Horvat called his system the Traffic Speed Surveillance System (TS). It included roadway monitor transceivers that would receive speed, vehicle identification and driver information which would then be transmitted to a central processing station for identifying speed limit violators. The system also includes a vehicle disable feature which requires that the driver and vehicle identification be entered to operate the vehicle.
Horvat hired Attorney George H. Solverson, associated with a law firm that specialized in patents and trademarks. They had a conference on April 13, 1983 wherein Horvat defined the characteristics of his invention. Horvat's attorney sent him a letter dated April 20, 1983 confirming that he had already "initiated a limited search at the U.S. Patent and Trademark Office for Issued U.S. Patents." This search did not include foreign patents. The search would determine that no one had previously invented such a system. This search would "take four to five weeks."
Horvat received, via his attorney, "a copy of the Official Filing Receipt returned by the Patent Office, bearing Serial No. 06/609,195 and a filing date of May 11, 1984." This was in a letter from his attorney dated June 18, 1984.
On May 9, 1986, two years after filing with the patent office, Horvat finally received a copy of the "Issue Fee Receipt" which stated that "the application will be issued as U.S. Patent No. 4,591,823 on May 27, 1986" Horvat felt protected. He followed the legal steps, paid the stipulated fees and obtained a patent which protected his invention. His next step was to make the system available for the benefit of all Americans. That would best be done through Congress and the legislative process. Because TS would only work if it were featured in every car, it would have to be mandatory and therefore would come under the jurisdiction of Congress and the Department of Transportation.
On September 10, 1986, Horvat wrote a very compelling three page letter to Wisconsin Senator Robert Kasten, a member of the Senate's Transportation Sub Committee. He also enclosed all of the documentation, diagrams, directions and a copy of his U.S. patent - everything the government would need to proceed with setting up the system on America's highways. Kasten was well aware of the daily automobile tragedies prevailing in America.

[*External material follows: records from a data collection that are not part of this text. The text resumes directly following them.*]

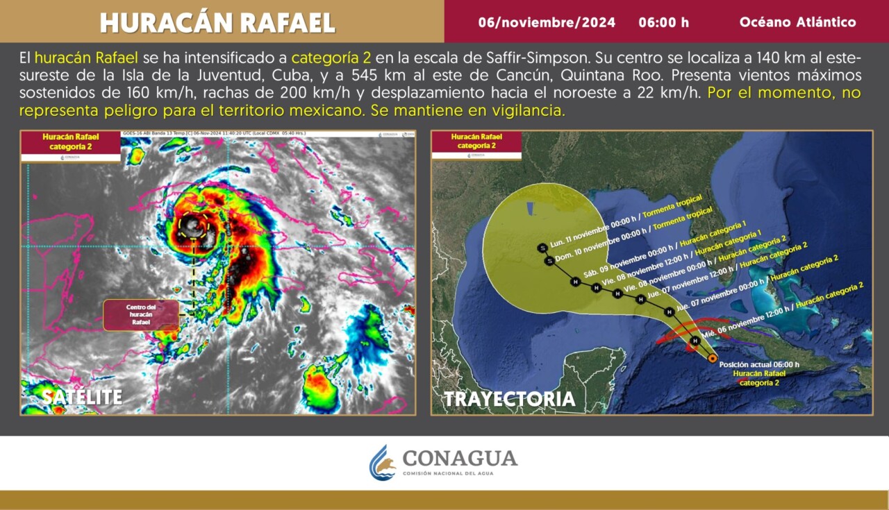 Por otra parte, los desprendimientos nubosos del huracán Rafael, que se desplazará sobre el occidente de Cuba, reforzarán la probabilidad de lluvias con chubascos en la península de Yucatán. Finalmente, se mantendrá el ambiente vespertino caluroso sobre entidades del Pacífico Sur y península de Yucatán.
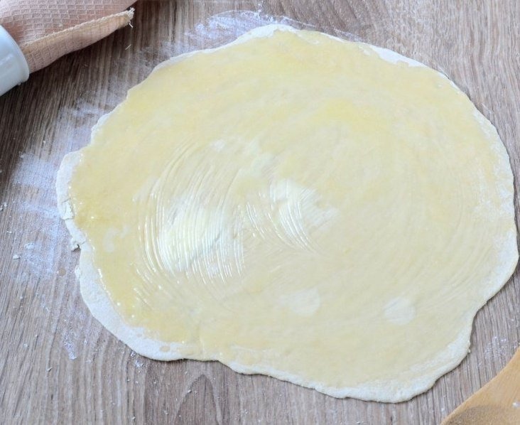 7. Λιπάνετε τον πρώτο φύλλο με λιωμένο βούτυρο, είναι πολύ βολικό να το κάνετε αυτό με μια μαγειρική βούρτσα. Απλώστε απο πάνω μια δεύτερη στρώση ζύμης και αλείψτε ξανά με βουτυρο.
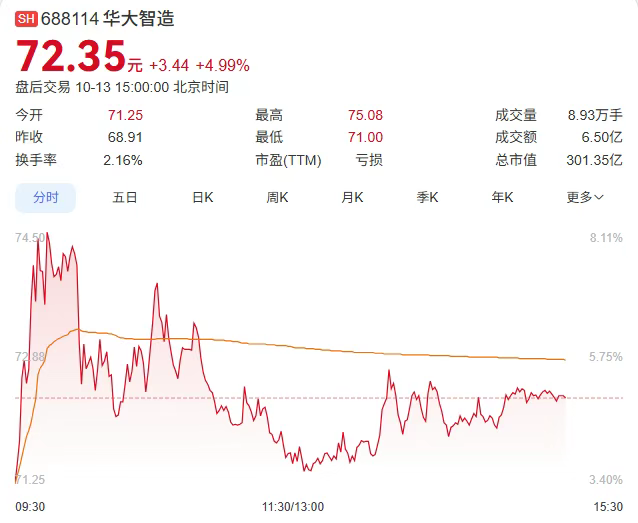 该交易也给二级市场带来了积极影响。10月13日,华大智造股价呈现出上涨态势,表现活跃:当日以71.25元开盘,盘中股价一度冲高至75.08元,相较于前一交易日68.91元的收盘价,盘中最高涨幅约达8.95%。当天华大智造最终以72.35元收盘,涨幅4.99%,公司总市值超300亿元。
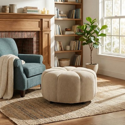 white tufted ottomans
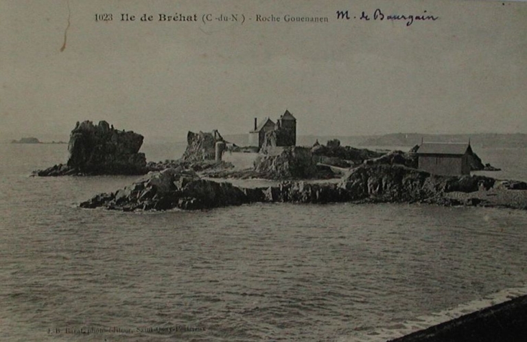 Vue du corps de garde à côté de la villa sur l'îlot de Roc'h Guenanec, 1er quart 20ème siècle (carte postale, collection particulière)Immatriculation
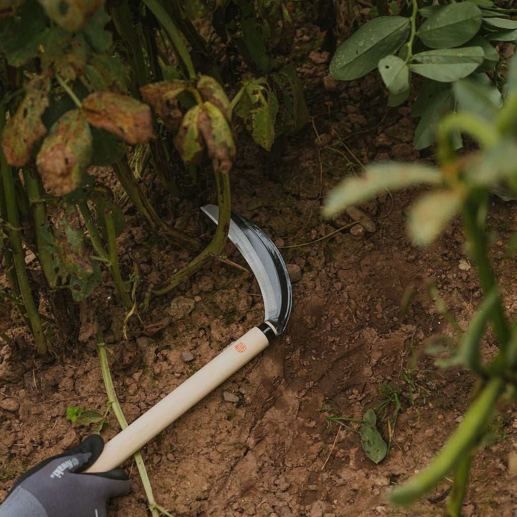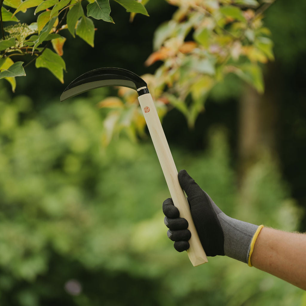 The single bevelled, Yasugi White Paper steel blade is light and precise enough for some serious grass scything, but robust enough for a bit of you-know-what with the tougher stuff, brambles etc. Nothing woody though.
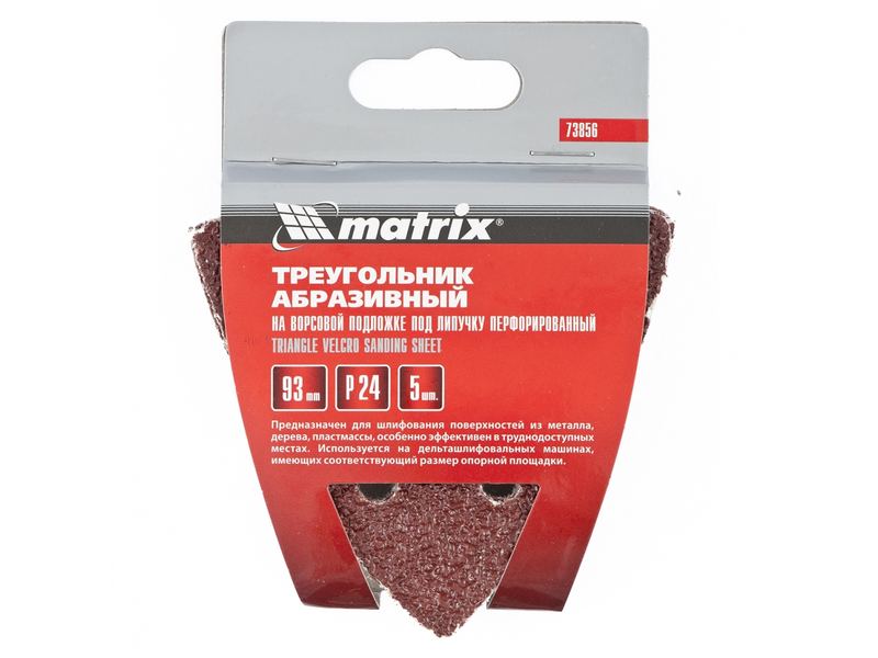 Перфорированный абразивный треугольник под «липучку» Matrix Р 24 арт. 73856 предназначен для дельташлифовальных машин с опорной площадкой 93 мм. С помощью абразива крупной зернистости Р24 можно произвести сухую черновую обработку дерева, металла, пластмассы, придать заготовкам окончательную геометрию, зачистить их от старых покрытий, ржавчины и заусенцев. Треугольная форма облегчает обработку труднодоступных мест.
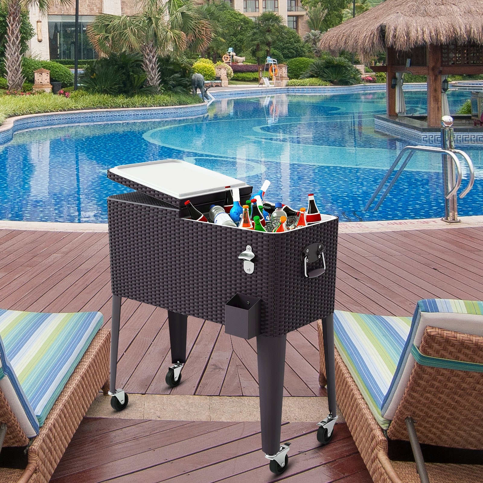 80QT Outdoor Party Portable Rattan Rolling Cooler Cart
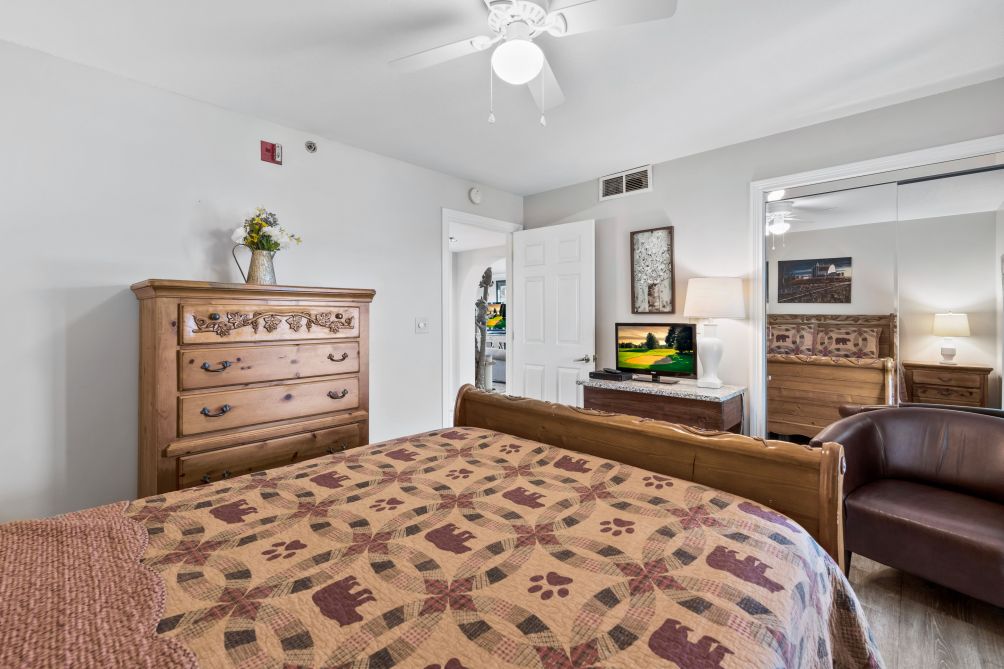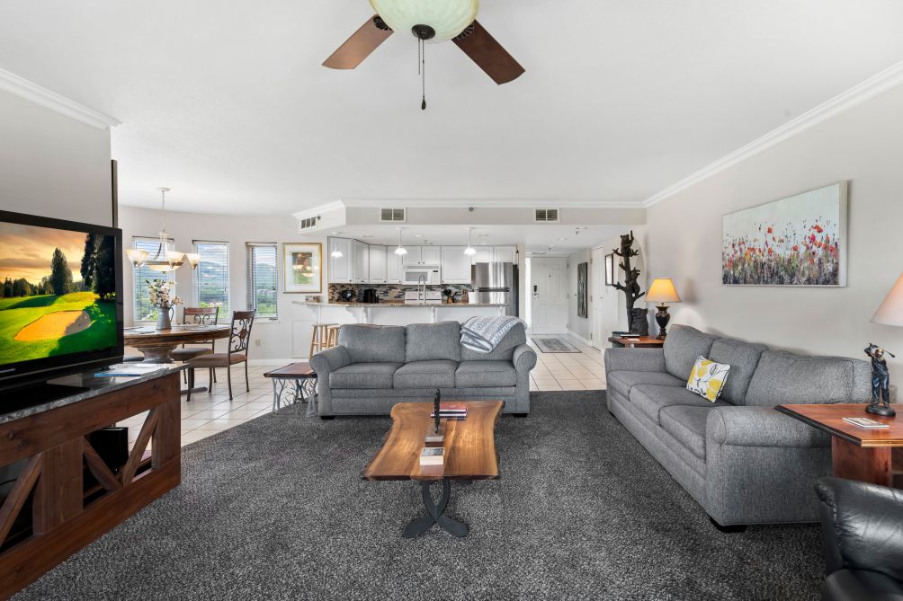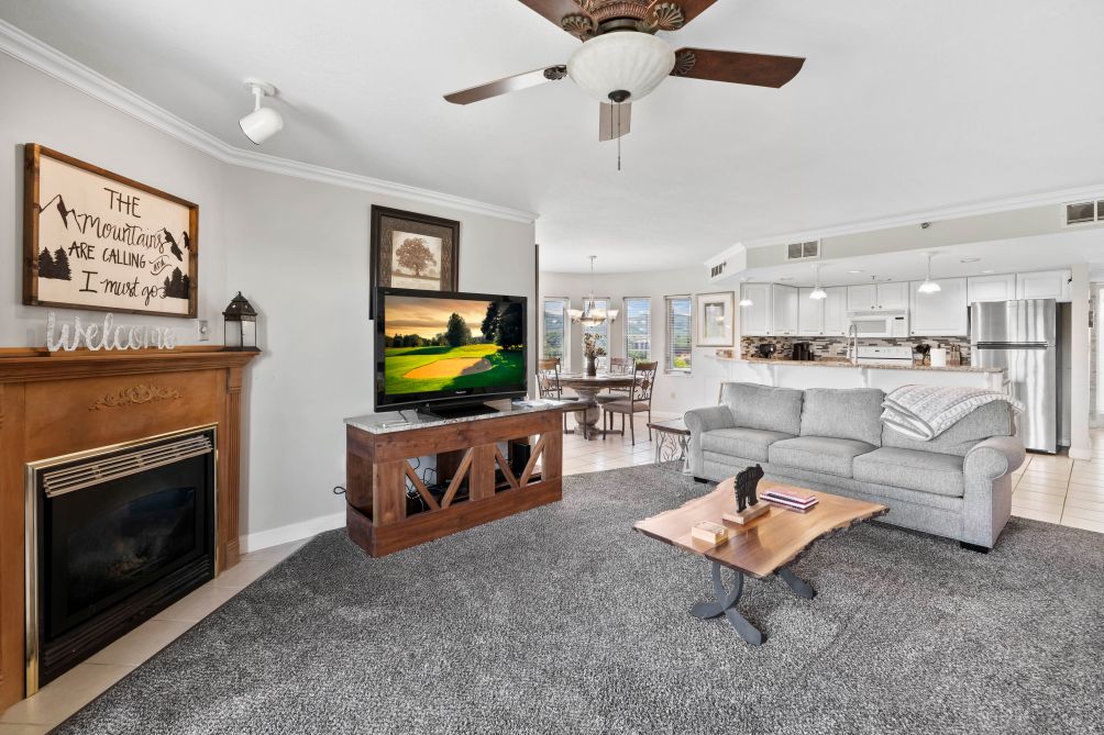 The condo features an open and spacious layout designed for comfort and relaxation. Large windows and the private balcony allow you to take in peaceful views of the surrounding mountains and greens while enjoying your morning coffee or evening sunset.

Horvat further defined it for the senator: "Each and every day, just in the United States alone, we slaughter approximately 120 of our fellow human beings and maim and mutilate another 6,000. This senseless sacrifice happens every day! The daily economic impact exceeds $110,000,000, but this dangerous drain of assets is secondary to the inestimable toll of human suffering." This denotes 1986 figures and I might add is greater, by far, than the number of individuals allegedly killed by terrorists.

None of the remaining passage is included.